Chapter Eleven Experiments 経験が教える 1

Alcott, Louisa May オルコット ルイーザ・メイ
AOZORA BUNKO 青空文庫
「六月一日、明日はキングさんの家の人、みんな海岸へ出かけていって、あたしはひまになるの! 
三ヶ月のお休み! なんてうれしいんでしょう!」 あるあたたかい日、家へ帰って来たメグが、ジョウを見つけてさけびました。ジョウは、いつになく疲れたようすで、ソファの上に横たわり、ベスがそのほこりだらけの靴をぬがしてやっていました。エミイは、みんなのためにレモン水をつくっていました。
 ジョウがいいました。「マーチおばさんも、今日お出かけになったわ。すてきでしょ。
いっしょにいってほしいと、いわれやしないかと、びくびくしちゃった。
それで、あたし、おばさんを早くたたせたいので、お気にめすように、それこそいっしょうけんめいにはたらいたわ。

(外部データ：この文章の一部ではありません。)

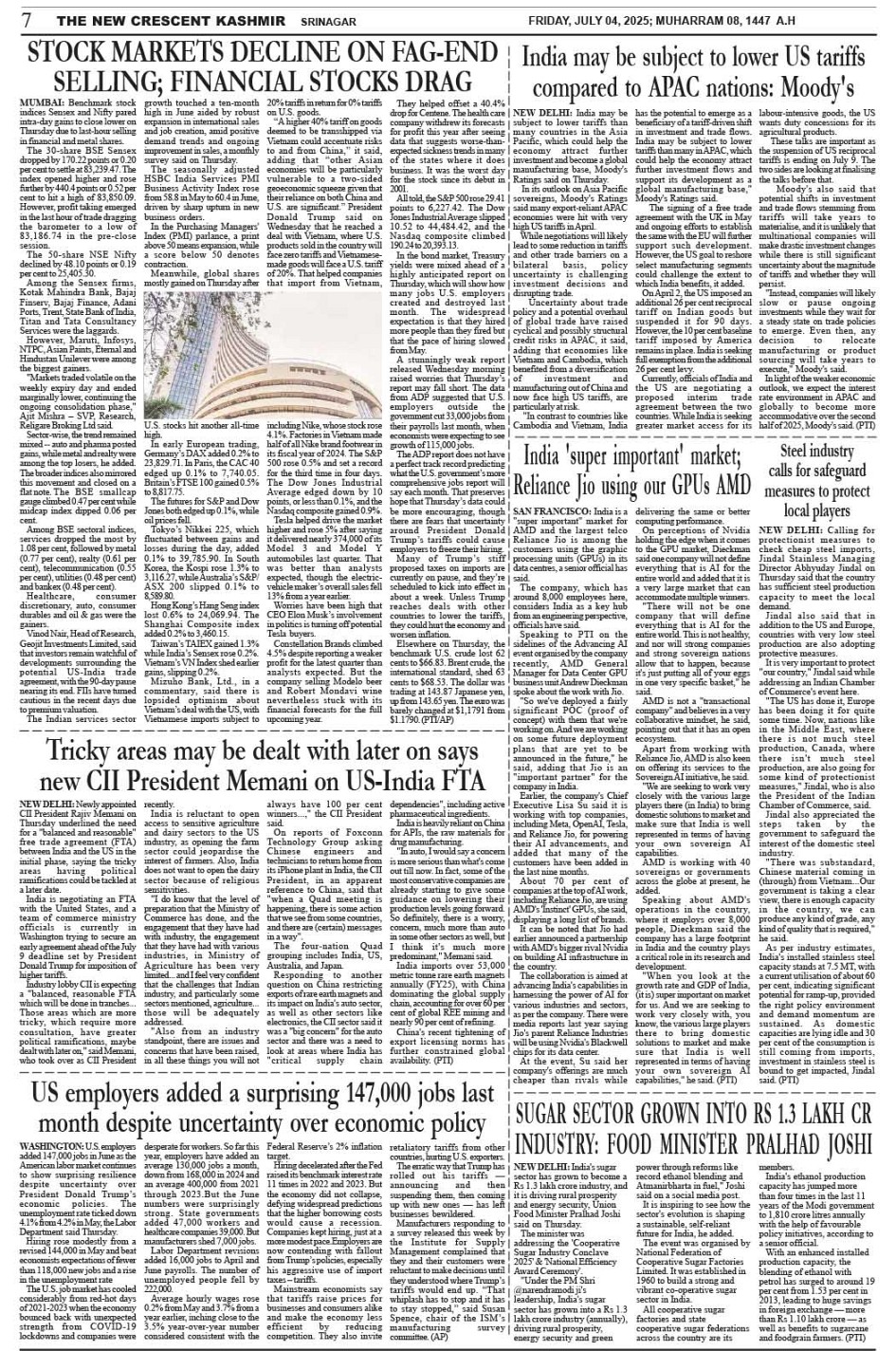 Crescent Kashmir 04-07-2025 Page: 7 July 04, 2025 << First << 7 >> Last >> Page 1Page 2Page 3Page 4Page 5Page 6Page 7Page 8 × Crescent Kashmir 04-07-2025 << First << 7 >> Last >> CK 1CK 2CK 3CK 4CK 5CK 6CK 7CK 8 CK 7
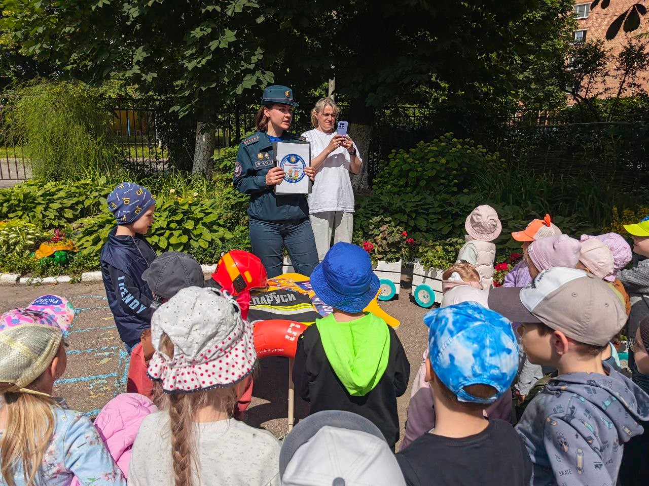 Разам з інспектарам малыя паўтарылі нумары службы выратавання "101" і "112", правілы паводзін у выпадку ўзнікнення пажару і дзеяння пры іншых надзвычайных сітуацыях, вызначылі небяспечныя месцы і прадметы ў кватэры і даведаліся з чым можна гуляць, а з чым не варта.
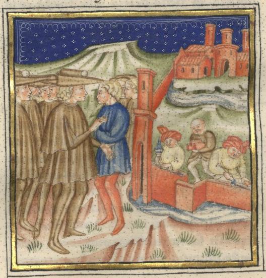 Kassel, Universitätsbibliothek Kassel, Landesbibliothek und Murhardsche Bibliothek der Stadt Kassel, 2° poet. et roman. 3, f. 186v. Filocolo, vestito come i suoi compagni da pellegrino con la conchiglia di San Giacomo sul cappello, congedandosi incarica Caleon di ultimare la costruzione della città.
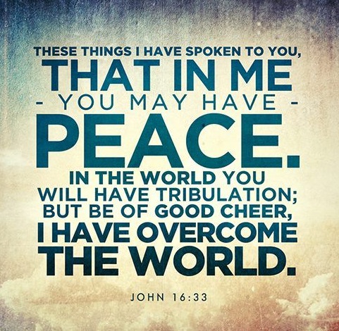 이것을 너희에게 이르는 것은 너희로 내 안에서 평안을 누리게 하려 함이라 세상에서는 너희가 환난을 당하나 담대하라 내가 세상을 이기었노라 (요한복음 16장 33절)
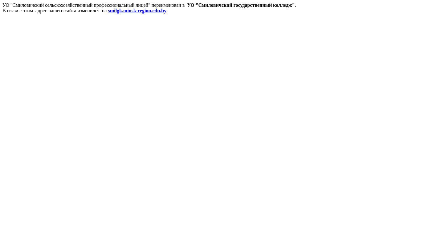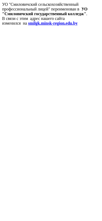 This online resource is dedicated to the Smilovichy Agricultural Professional College, which has been renamed as the Smilovichy State College. The address of this institution's website has consequently changed to smilgk.minsk-region.edu.by. Keywords associated with this site include "Смиловичский" (Smilovichy), "сельскохозяйственный" (agricultural), "профессиональный" (professional), "лицей" (college), "переименован" (renamed), "государственный" (state), "колледж" (college), "связи" (connections), "этим" (this), "адрес" (address), "нашего" (our), "сайта" (website), and "из

だけど気のきいたこのおつきを、つれていこうと思われたら大へんだと心配したの。それでおばさんを馬車にのりこませると、なにかいってたけど聞えないふりをして、
大いそぎで逃げて帰ったの、ほんとに助かったわ。」
「よかったわね。それで、メグねえさん。この休みになにをなさるつもり?」と、エミイが尋ねました。
だって冬からこっち、朝早くからたたき起されて、ひとのためにはたらいてばかりいたんですもの。大いに休んであそぶのよ。」
ジョウがいいました。「ふうむ、あたしはそんなだらけたの大きらい。
たくさん本を集めておいたから、あの古い林檎の枝の上で、このかがやかしい少女時代をよくするために勉強するの。」
「あたしたちも、勉強はやめにして、おねえさんのまねしてあそびましょう。」と、エミイがいうと、ベスも、よろこんで、
「ええ、いいわ。あたし新らしい歌をすこしおぼえたいし、人形さんの夏服もつくらなければならないし。」と、いいました。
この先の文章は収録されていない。